Reference: Nick Szabo, Transportation, divergence, and the industrial revolution

Archive link—here.

“Metcalfe’s Law states that a value of a network is proportional to the square of the number of its nodes. In an area where good soils, mines, and forests are randomly distributed, the number of nodes valuable to an industrial economy is proportional to the area encompassed. The number of such nodes that can be economically accessed is an inverse square of the cost per mile of transportation. Combine this with Metcalfe’s Law and we reach a dramatic but solid mathematical conclusion: the potential value of land transportation network is the inverse fourth power of the cost of that transportation. A reduction in transport costs in a trade network by a factor of two increases the potential value of that network by a factor of sixteen. While a power of exactly 4.0 will usually be too high, due to redundancies, this does show how the cost of transportation can have a radical nonlinear impact on the value of the trade networks it enables. This formalizes Adam Smith’s observations: the division of labor (and thus value of an economy) increases with the extent of the market, and the extent of the market is heavily influenced by transportation costs (as he extensively discussed in his *Wealth of Nations*).”

“Furthermore, land and sea-borne transportation were far more complements than substitutes.

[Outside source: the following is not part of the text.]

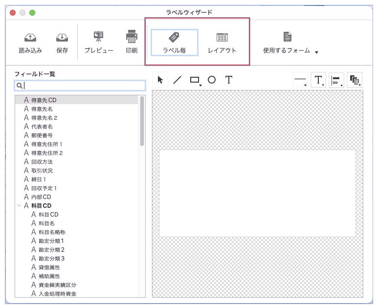 ラベルエディタには2つのタグ「ラベル」と「レイアウト」があります。

Cheaper land transportation was a ‘force multiplier’ for water transportation. Decreasing the costs of getting to port from field or mine by a factor of two increased the number of fields and mines accessible by a factor of four, and increased the number of possible ways to divide labor, and thus the value, by an even greater factor via Metcalfe’s law. This in turn incentived [incentivized] greater investment in sea-borne transport.”

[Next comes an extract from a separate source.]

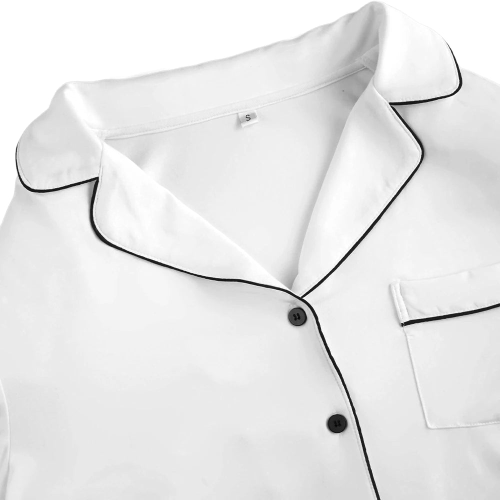 Modishion Long Sleeve Lapel Pajamas Solid Color Loungewear Set Button Top and Pants Women's Sleepwear Loungewear

“Again roughly speaking, the second phase of industrial growth, after about 1830, was more scientific and far easier to copy than northwestern Europe’s unique biology….When non-European countries industrialized, such as Japan after the 1870s, they did it in a ‘leap-frog’ style: they skipped over the long-evolved improvement in draft animals and went straight to mature steam engines and, soon thereafter, electrical motors. Much as countries installing phone networks for the first time over the last few decades have leap-frogged over the land line era, going straight to cell phones. Starting early in the 20th century industrializing countries could replace all the remaining important functions of the horse with internal combustion engines. England, which made the longest and most thorough use of the horse, and thereby had the transportation economies allowing it to pioneer the industrial revolution, had a less pressing need to use the internal combustion engine and thus lagged enough in that technology so that second-generation industrializers like Japan, Germany, and the United States became leaders in internal combustion engine products.”